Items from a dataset
· · · ·
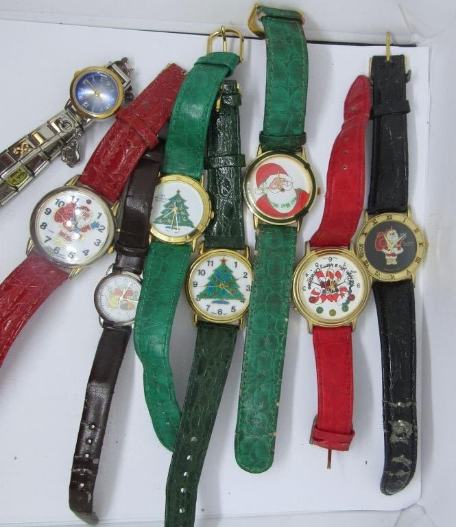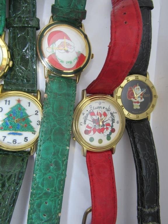 Fun novelty holiday watches! Includes mostly leather bands with one stainless steel bracelet watch with Christmas charms. Quartz watches, untested as to working.
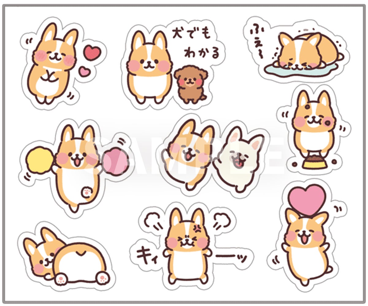 まるまるコーギーの愛らしい表情がいっぱい!お好きなところにペタペタ!
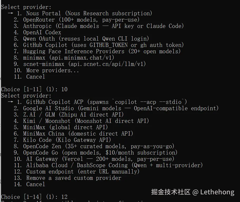 hermes model # 选择 LLM 提供商和模型
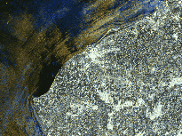 Next, we show a multiband (multifrequency) image of San Francisco, CA, made from L bands HH (red) and HV (green) and C band HV (blue). Its one of the most pleasing images to the eye and it shows the city layout, which is a prime example of why so many people want to live in the Bay Area after visiting it.
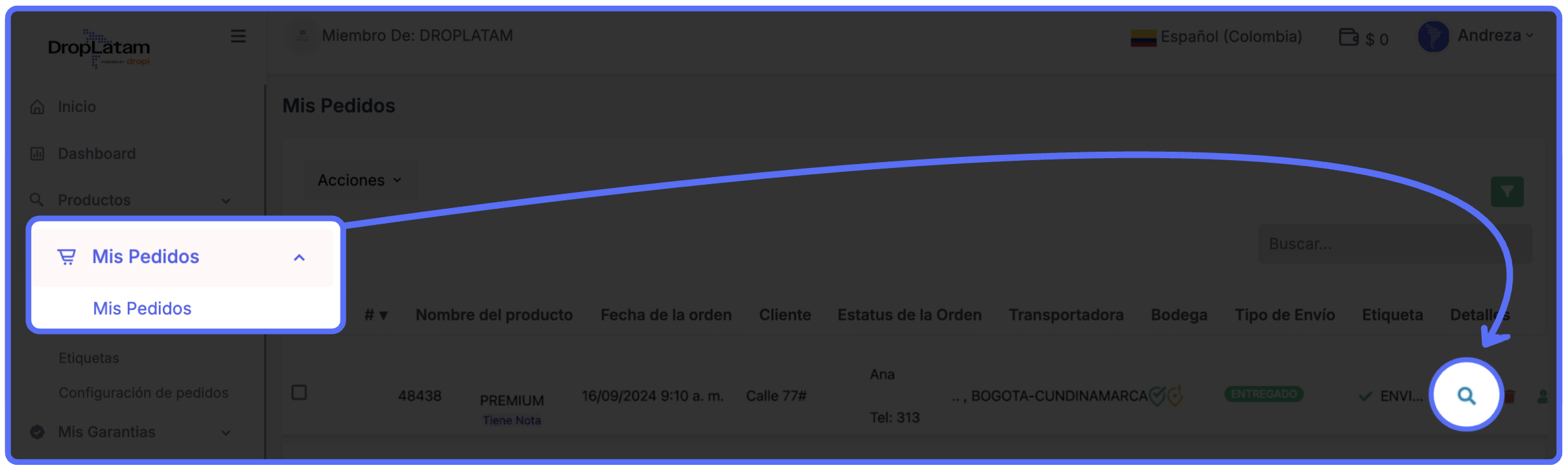 - Haz clic en el ícono de la lupa para abrir el pedido
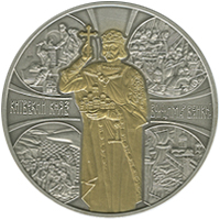 Присвячена видатному державному та політичному діячеві, творцю середньовічної європейської держави Руси-України - князю Київському Володимиру Великому та вшановує його пам`ять у зв`язку з 1000-літтям упокоєння. Монету виготовлено з використанням технології патинування, елемент оздоблення - локальна позолота (вміст золота в чистоті не менше ніж 0,002 г).
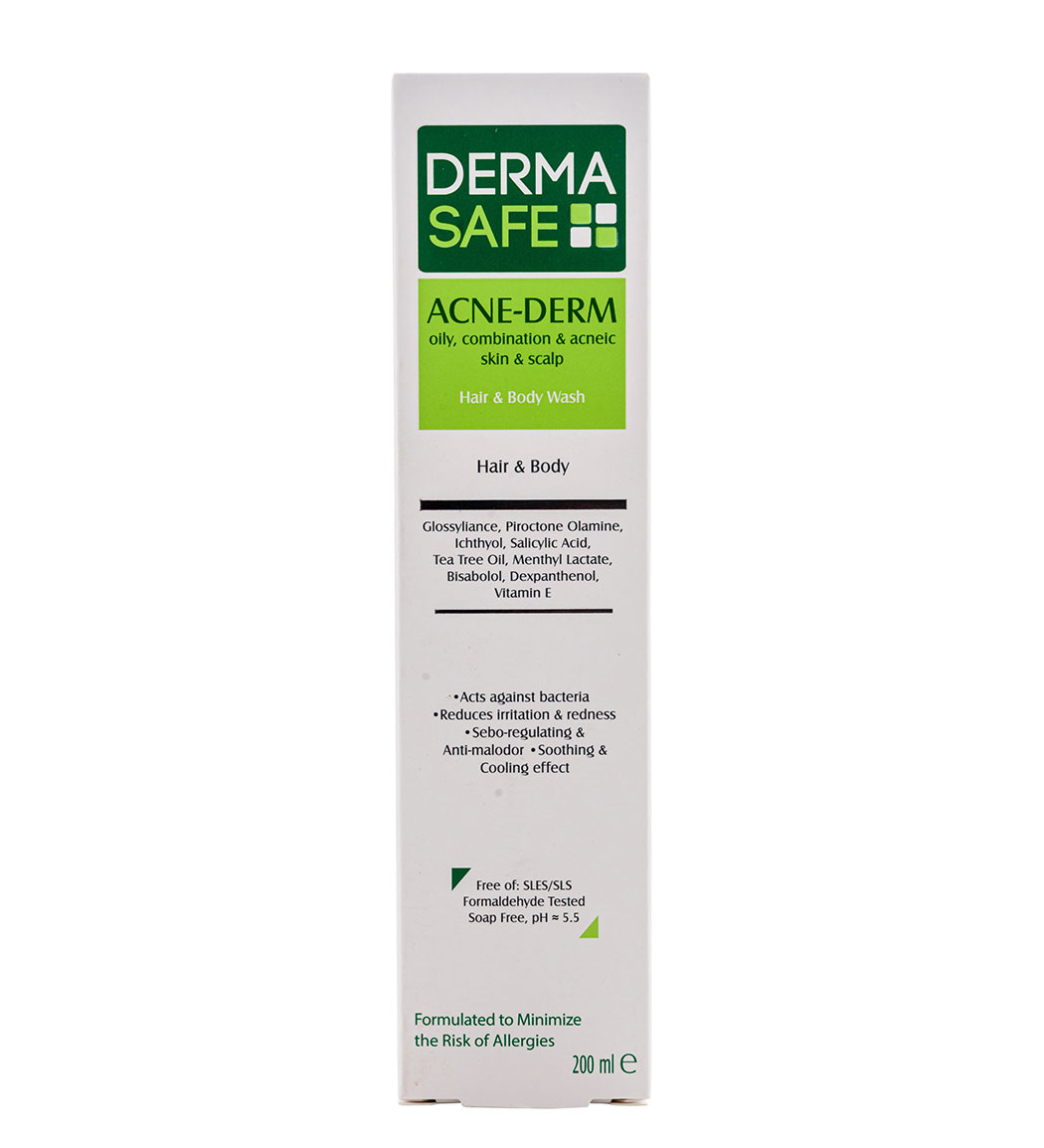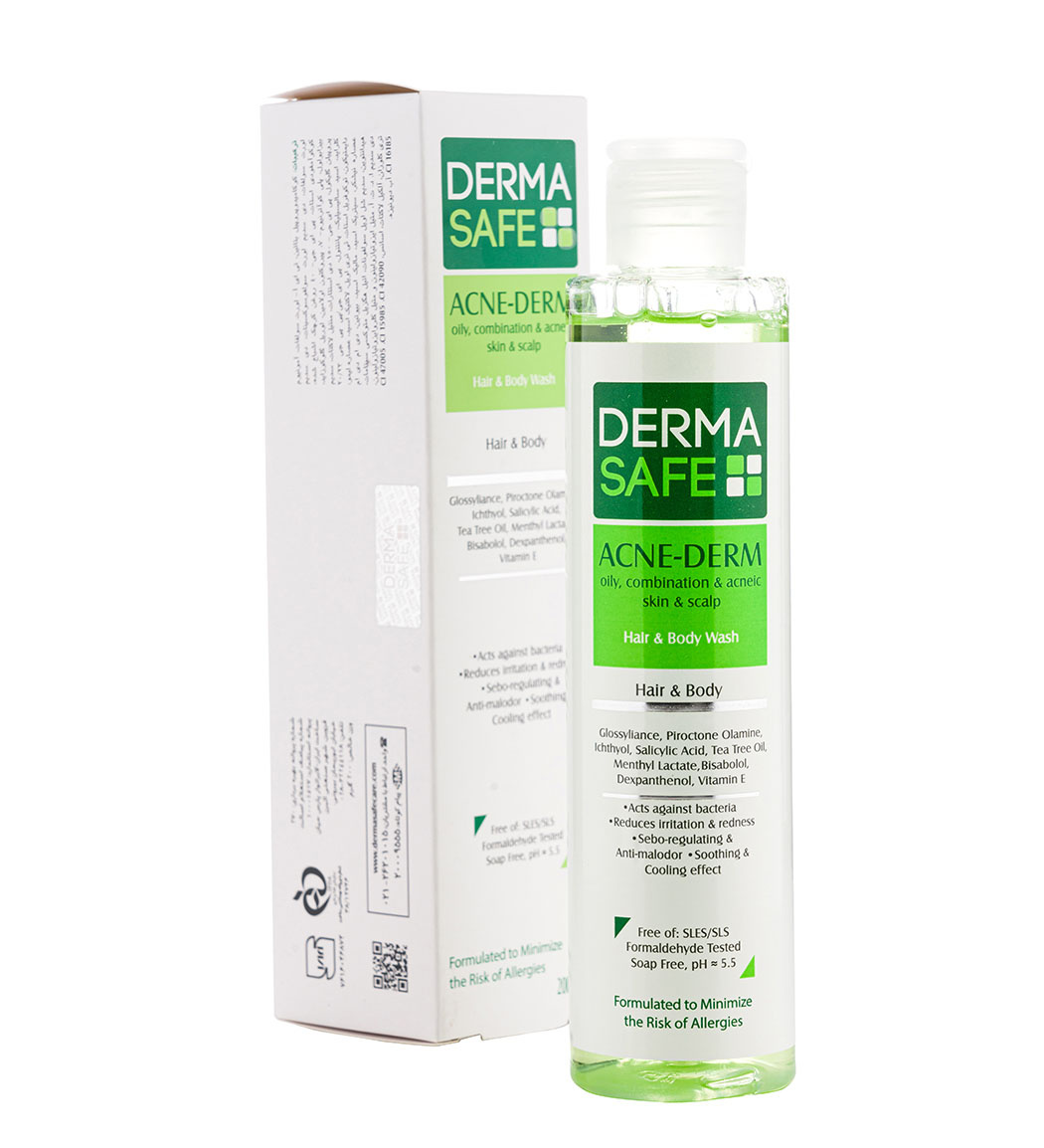 شامپو سر و بدن مناسب پوست های چرب مختلط و دارای آکنه 200میل درما سیفDerma Safe Hair And Body Wash 200ml
· · · ·
- TASK PROMPT
Repeat the records above verbatim, with no pictures in the result.

- ANSWER FOR THIS EXERCISE
 Fun novelty holiday watches! Includes mostly leather bands with one stainless steel bracelet watch with Christmas charms. Quartz watches, untested as to working.
 まるまるコーギーの愛らしい表情がいっぱい!お好きなところにペタペタ!
 hermes model # 选择 LLM 提供商和模型
 Next, we show a multiband (multifrequency) image of San Francisco, CA, made from L bands HH (red) and HV (green) and C band HV (blue). Its one of the most pleasing images to the eye and it shows the city layout, which is a prime example of why so many people want to live in the Bay Area after visiting it.
 - Haz clic en el ícono de la lupa para abrir el pedido
 Присвячена видатному державному та політичному діячеві, творцю середньовічної європейської держави Руси-України - князю Київському Володимиру Великому та вшановує його пам`ять у зв`язку з 1000-літтям упокоєння. Монету виготовлено з використанням технології патинування, елемент оздоблення - локальна позолота (вміст золота в чистоті не менше ніж 0,002 г).
 شامپو سر و بدن مناسب پوست های چرب مختلط و دارای آکنه 200میل درما سیفDerma Safe Hair And Body Wash 200ml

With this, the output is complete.